3.01.2009

leaving jinja

Thursday night, micah and morgan had their wedding party, catered by tony’s uncle (I think). They met at the orphanage, knew at first sight that they would get married (this from both of them), dated for 1.5 weeks, and got a phone pastor (micah’s dad) to tie the knot. Apparently, morgan (who has a good relationship with god) really hated africa when she first came, prayed, and heard a voice clearly tell her, “don’t go home, I’ve got so much more for you here.” How’s that for spirituality?

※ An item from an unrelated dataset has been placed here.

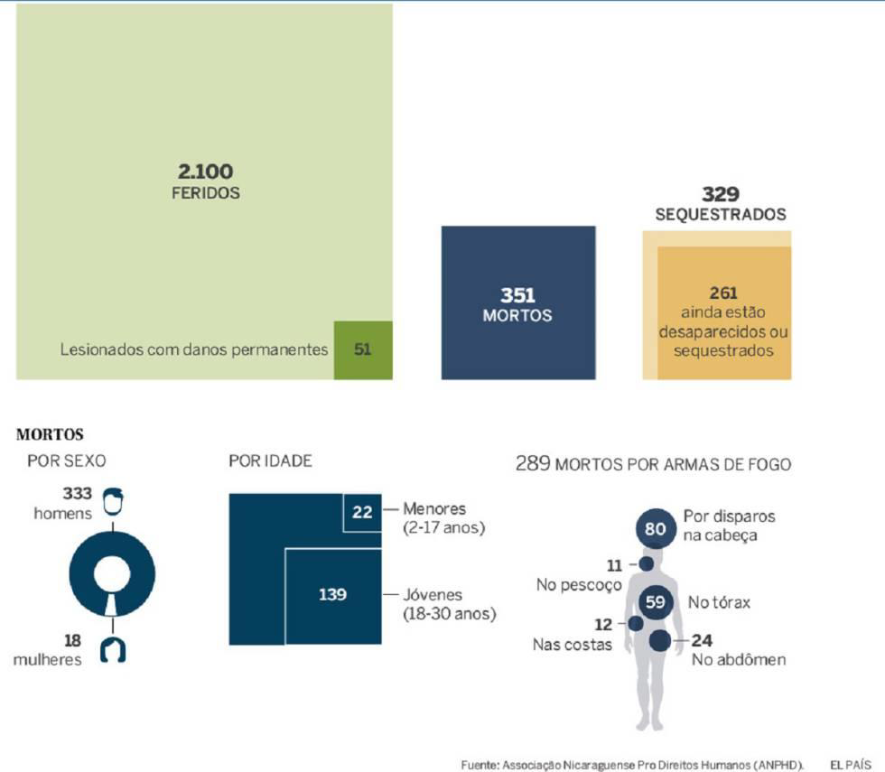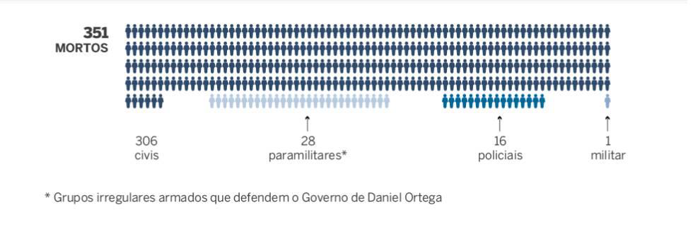 A Nicarágua terminou a semana mergulhada em uma nova onda de protestos contra o governo de Daniel Ortega. Dezenas de milhares de pessoas saíram às ruas para pedir a destituição do ex-guerrilheiro sandinista, que décadas atrás lutou para acabar com a ditadura da família Somoza, apoiada pelos Estados Unidos, e agora é acusado de querer se perpetuar no poder. O país está mergulhado em sua pior crise política desde o final da guerra civil, em 1990. A repressão praticada pelo Governo de esquerda a manifestações contra seu mandato já deixou, desde 19 de abril deste ano, um saldo de 351 mortos – sendo 306 civis e 22 menores de 17 anos. Os dados da Associação Nicaraguense Pró-Direitos Humanos (ANPHD) também apontam que 261 pessoas estão, neste momento, desaparecidas ou sequestradas. Ortega nega as acusações e afirma que os protestos são uma cortina de fumaça para as intenções da direita, que quer tirá-lo do poder.

micah and morgan, pre-electricity ruma and jinja

The party featured some of the best beans I’ve ever tasted (sorry mom) and big chunks of steak. I bought a round of neon green sambuca (called zappa in jinja), and immediately regretted it. That stuff goes down vile. When we first arrived, the power was out, and mark had lit candles everywhere. Very romantic, but not so good for partying into the night. Ppl were just about the break out the acoustic music (someone had a guitar, and I had just bought a drum in town), when mama betty announced the cake, which elicited a round of speeches and a long kiss between the newly weds. As soon as they kissed, the power came back on! Uncanny! After this, the night slowed down a bit. Erika and I spent most of it shooting pool and avoiding unwanted attention from guys (matthew insisted that he was in love with Erika after 2 nights of shooting pool together. He kept asking my permission to take her back to his place like I was her chaperone or something). We stayed up till 3am not doing very much, and then went to wind down in nash’s room over a silly movie. Then I did what I do best and fell asleep on his futon.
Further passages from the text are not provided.